Key concepts: - Row Key: The primary identifier, determines data distribution across nodes - Column Family: A group of related columns, defined at table creation time - Column: A name-value pair within a column family - Sparse storage: Rows do not need to have the same columns; empty columns consume no storage - Timestamps: Each cell (row key + column) can store multiple timestamped versions

6.2 Cassandra¶

Apache Cassandra is a distributed wide-column store designed for high availability with no single point of failure.

Architecture:

                  ┌─────────────────────────────┐
                  │      Cassandra Ring          │
                  │                              │
                  │     N1 ─── N2                │
                  │    /         \               │
                  │  N6           N3             │
                  │    \         /               │
                  │     N5 ─── N4                │
                  │                              │
                  │  Every node is equal          │
                  │  (no master/slave)           │
                  │  Data distributed by         │
                  │  consistent hashing          │
                  └─────────────────────────────┘

CQL (Cassandra Query Language):

-- Create keyspace (like a database)
CREATE KEYSPACE ecommerce
WITH replication = {
  'class': 'NetworkTopologyStrategy',
  'dc1': 3, 'dc2': 3
};

-- Create table with compound primary key
CREATE TABLE ecommerce.orders (
  customer_id UUID,
  order_date TIMESTAMP,
  order_id UUID,
  total DECIMAL,
  status TEXT,
  items LIST<FROZEN<item_type>>,
  PRIMARY KEY ((customer_id), order_date, order_id)
) WITH CLUSTERING ORDER BY (order_date DESC);

-- The PRIMARY KEY has two parts:
--   Partition key: (customer_id) → determines which node stores the data
--   Clustering key: order_date, order_id → determines sort order within partition

-- Insert data
INSERT INTO ecommerce.orders (customer_id, order_date, order_id, total, status)
VALUES (uuid(), '2024-11-15', uuid(), 44.97, 'shipped');

-- Query by partition key (FAST - goes to one node)
SELECT * FROM ecommerce.orders
WHERE customer_id = 550e8400-e29b-41d4-a716-446655440000;

-- Query with clustering key range (FAST - sequential read within partition)
SELECT * FROM ecommerce.orders
WHERE customer_id = 550e8400-e29b-41d4-a716-446655440000
  AND order_date >= '2024-01-01'
  AND order_date < '2025-01-01';

-- Query without partition key (SLOW - requires ALLOW FILTERING, scans all nodes)
-- ANTI-PATTERN: avoid this in production!
SELECT * FROM ecommerce.orders WHERE status = 'pending' ALLOW FILTERING;

Data modeling principle: In Cassandra, you model tables around queries, not around entities. If you have N different queries, you may need N different tables (each optimized for one query).

6.3 HBase¶

Apache HBase is a wide-column store built on top of HDFS (Hadoop Distributed File System), inspired by Google's Bigtable.
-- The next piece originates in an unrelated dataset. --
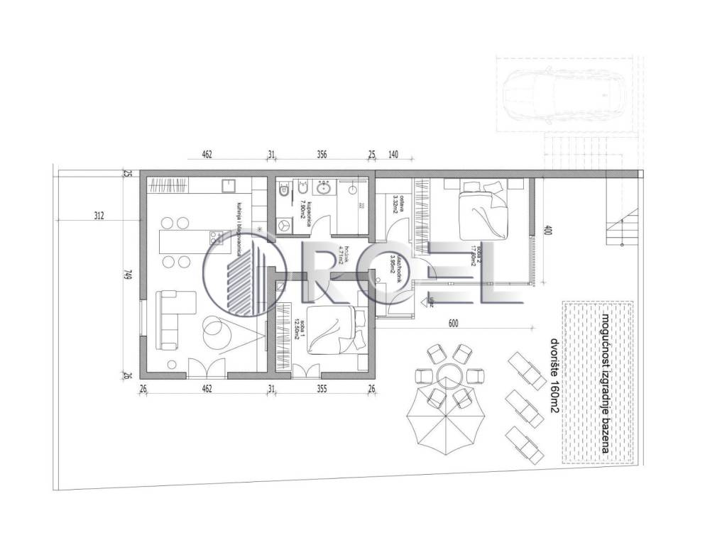 For sale is an apartment S2 with a total area of 88 m + 150 m2 garden, located in a quiet and green environment of Gračani. The apartment consists of an entrance hall, bathroom, kitchen, living room and 2 bedrooms.
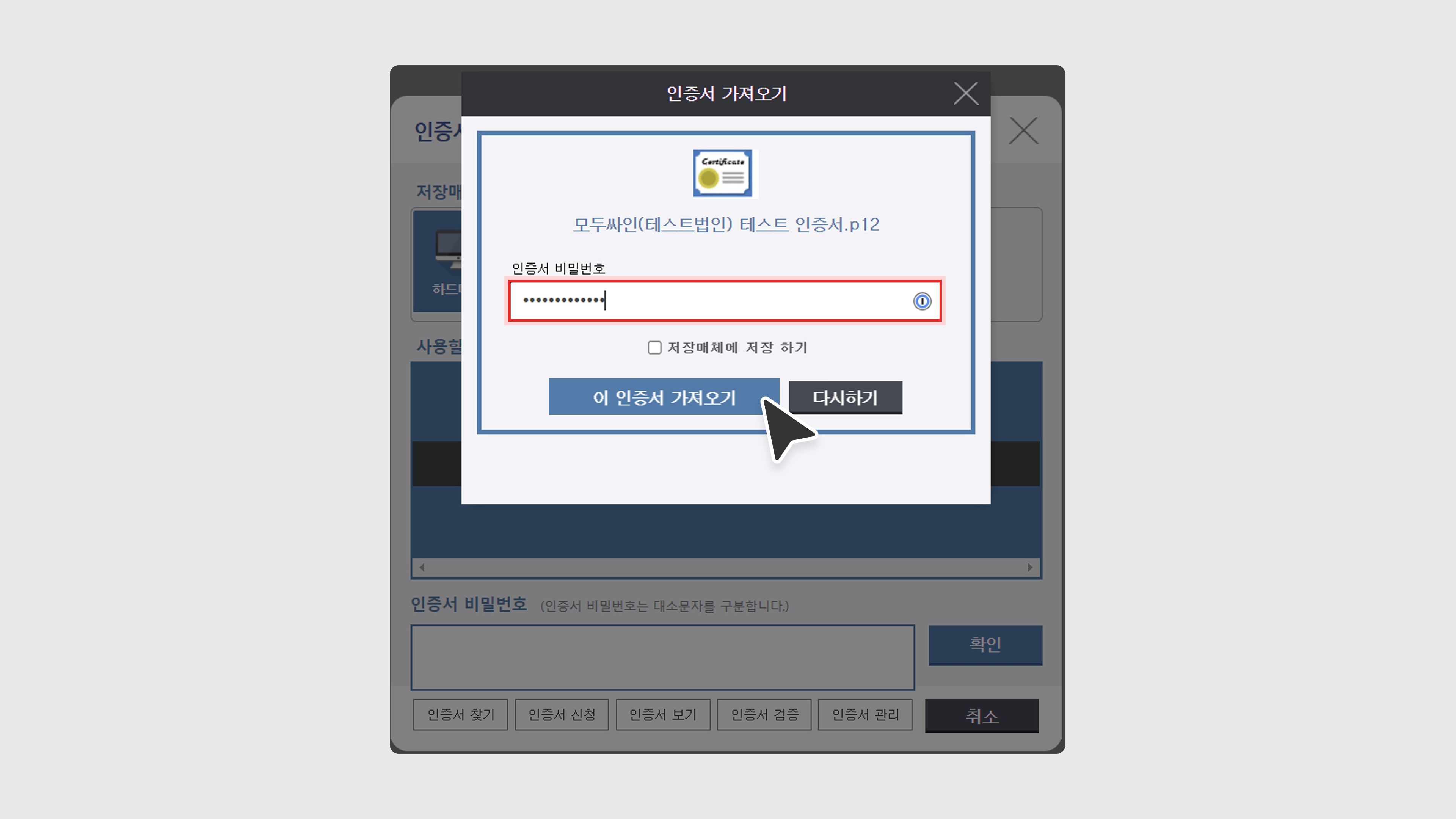 인증서를 불러온 뒤, 인증서 비밀번호를 정확히 입력하고 [이 인증서 가져오기] 버튼을 클릭합니다.

Key differences from Cassandra:

Feature	Cassandra	HBase
Architecture	Peer-to-peer (no master)	Master-RegionServer
Consistency	Tunable (AP by default)	Strong (CP)
Write path	Log-structured merge tree	Log-structured merge tree
Storage	Own storage engine	HDFS
Query language	CQL (SQL-like)	Java API / HBase Shell
Best for	Write-heavy, multi-datacenter	Random read/write on HDFS data

6.4 Use Cases for Wide-Column Stores¶

Time-series data: IoT sensor readings, metrics, logs (row key = device_id, clustering key = timestamp)
Event logging: Store application events partitioned by user or service
Content management: Store articles, comments, and metadata
Recommendation engines: Store user-item interaction matrices
Messaging systems: Store messages partitioned by conversation

6.5 Limitations¶

No JOINs: All data for a query must be in one table (denormalized)
Limited secondary indexes: Querying by non-key columns is expensive
Complex data modeling: Designing effective partition keys requires deep understanding of access patterns
No multi-partition transactions (Cassandra added lightweight transactions with Paxos, but they are slow)

7. Graph Databases¶

7.1 The Property Graph Model¶

Graph databases store data as a network of nodes and edges, making them ideal for data with complex, interconnected relationships.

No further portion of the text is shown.